Blame the system, not just the crooks

With the spotlight on the rot surrounding Joseph Muscat, it’s clear that the current crisis is not the accidental result of a few bad actors. The peripheral government job awarded in 2017 to assassination middleman, Melvin Theuma, shows how the State was captured by criminals.

It was a job he never even asked for. He accepted it only on the basis that he wouldn’t have to perform it. There was a commedia dell’arte interview. Reportedly, a panel of three assembled to ask him if he knew how to use email and, when he replied, “Sort of,” he got the job on the spot. There are more syllables in a haiku (17) than were probably uttered in the complete exchange between interviewer and interviewee.

Theuma’s testimony – so far never contradicted by the established facts – reveals that there is no hyperbole in saying these are the workings of a Mafia State. There is an entire hierarchy of personnel the crooks can draw on – a Head of customer care, an employment agency, a member of the Prime Minister’s security detail…

Theuma’s testimony confirms at least part of Yorgen Fenech’s claims. Fenech did know secret details of the assassination investigation.
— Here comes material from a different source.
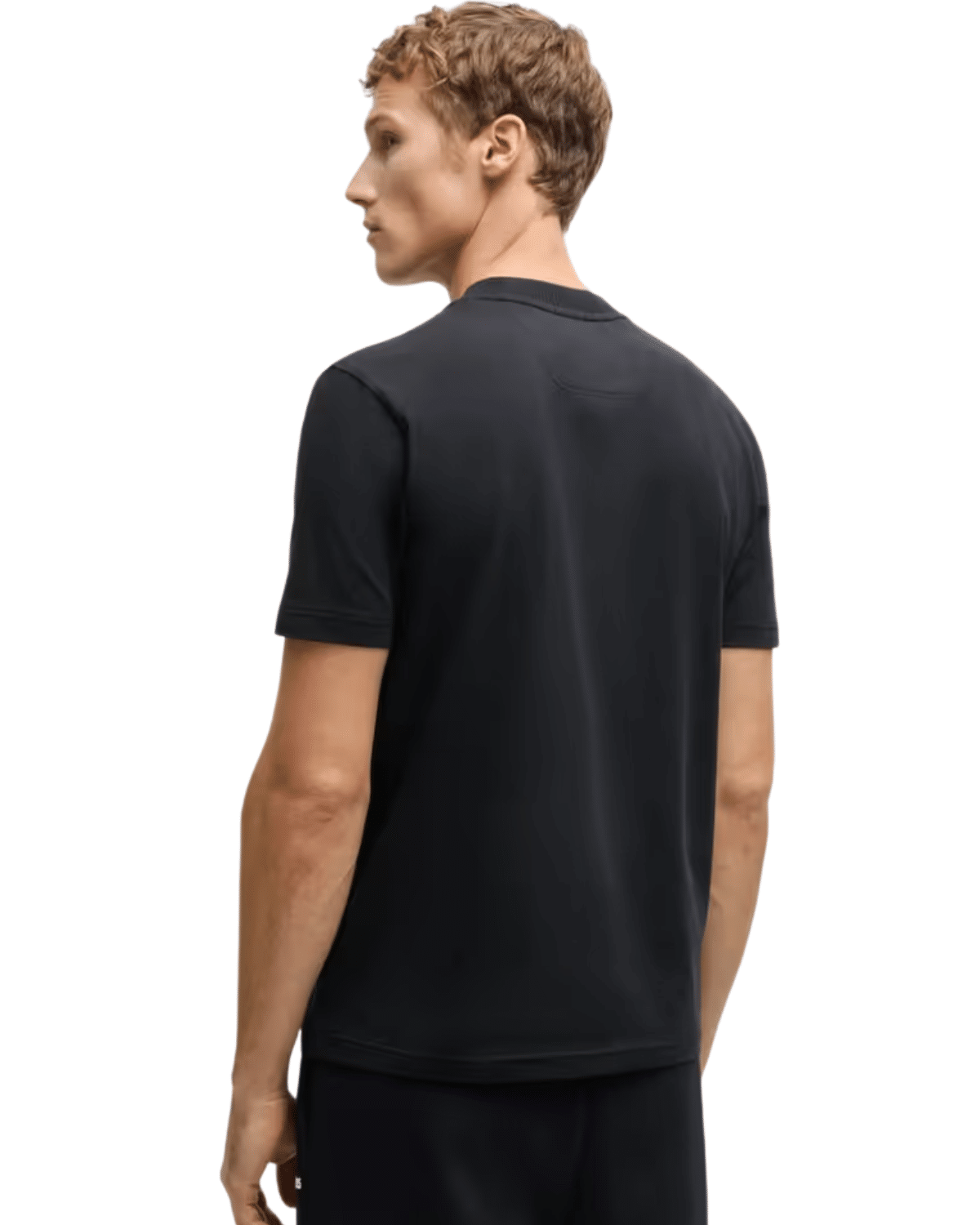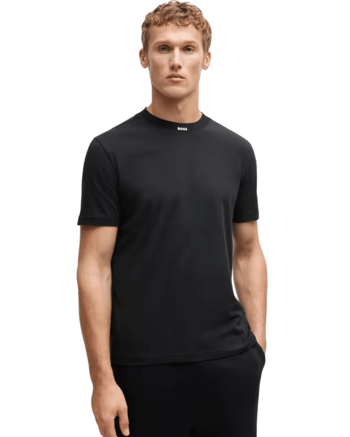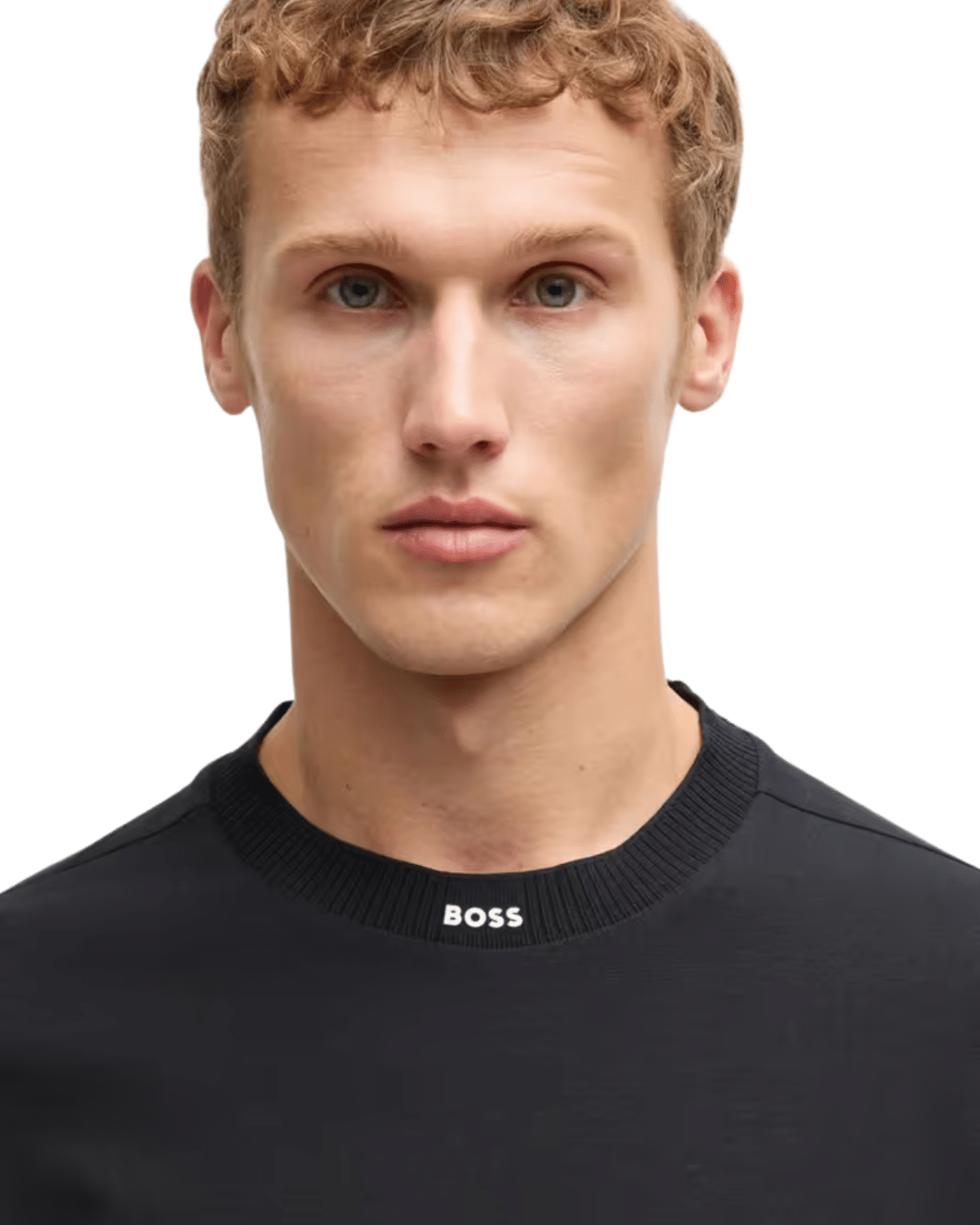 החולצה מעוצבת בסגנון נקי ועל-זמני, כאשר אלמנט ייחודי ומעודן – לוגו HUGO BOSS מודפס על הצווארון – מוסיף עניין ושיק עיצובי מבלי להפר את המראה המינימליסטי.

Whether it was really through Keith Schembri or another source, we still need to confirm. Either way, it was a mole deep inside the State apparatus.

Some men in this episode proclaim their innocence of any knowledge of the plot in which they played a part. If true, it still doesn’t make the system any less of a Mafia-serving machine.

Let’s not baulk from the word ‘mafia’. It is another lie to blame ‘big business’ as the serpent in the Labour paradise. Mafias are themselves business enterprises involved not only in trade of illegal goods and violence but also in selling stitched-up contracts and protection. Some big businesses are part of the corruption, but they joined a game set up by organised crime at the heart of power.

Things are worse if it’s established that they are innocent of any knowledge of murderous intent, these men of walk-on parts like Sandro Craus, the Head of customer care at OPM, and Tony Muscat, the man who interviewed Theuma. It would mean the reason why they obeyed orders so automatically has to be because they were part of a system designed to operate this way.

As reported, the interview conducted by Muscat followed form in the pedantic detail – a panel of three, gathered in a board room, a job question asked, an official decision handed down. Clearly, the charade was performed so that a reassuring official answer could be given if a probing question were asked. Even this week, we were being assured that there had been a public call for applications for Theuma’s phantom job.

It is a system organised meticulously with deception in mind. It evidently wasn’t cooked up just for Theuma. The system was devised for the routine administration of lies.

The system of government was stripped of every alarm bell, every security lock and every guardrail. The details have been spelled out by Kevin Aquilina, the legal scholar, in an op-ed in The Times of Malta yesterday.

The separation of powers was eroded to tempt the watchdogs to look the other way. When watchdogs did bark, they were ignored or, worse, called traitors. Unfettered, arbitrary power was concentrated in the hands of Joseph Muscat, his partners, and their minions.

For Muscat now to speak grandly about solving the case “under my watch” is grotesque. On his watch, the system was deformed and pulled apart, way beyond what anyone had come to expect of our already-tainted clientelistic system.

But it didn’t happen only on Muscat’s watch. It happened on the watch of those whose Constitutional duty was to watch him – not least Labour ministers and MPs.

As they seek to earn public trust now, do they really think it enough to distance themselves from the crooks? Should they not tell us if they recognise their own misjudgements? Evarist Bartolo has half-told us he does. Even half-telling is better than nothing.

Take Robert Abela, the Labour MP, running for Leader and now in the high-minded business of denouncing ‘diabolical pacts’. Does he not think that the sons of Daphne Caruana Galizia were right all along to denounce the Muscat regime’s diabolical pact? Abela had denounced them in Parliament as detesting Malta. Does he still think he was right?

Every Labour MP and official should be asked questions like these, not least any leadership hopeful. We are owed an explanation of how they could miss the abuse of power that emboldened the assassins. We deserve to know if they recognise any errors of judgement on their own part.

The top priority now is to see that justice catches up with the assassins. But the urgent next priority is to see that the system is fixed. That can’t be done unless the new people in charge recognise it’s broken.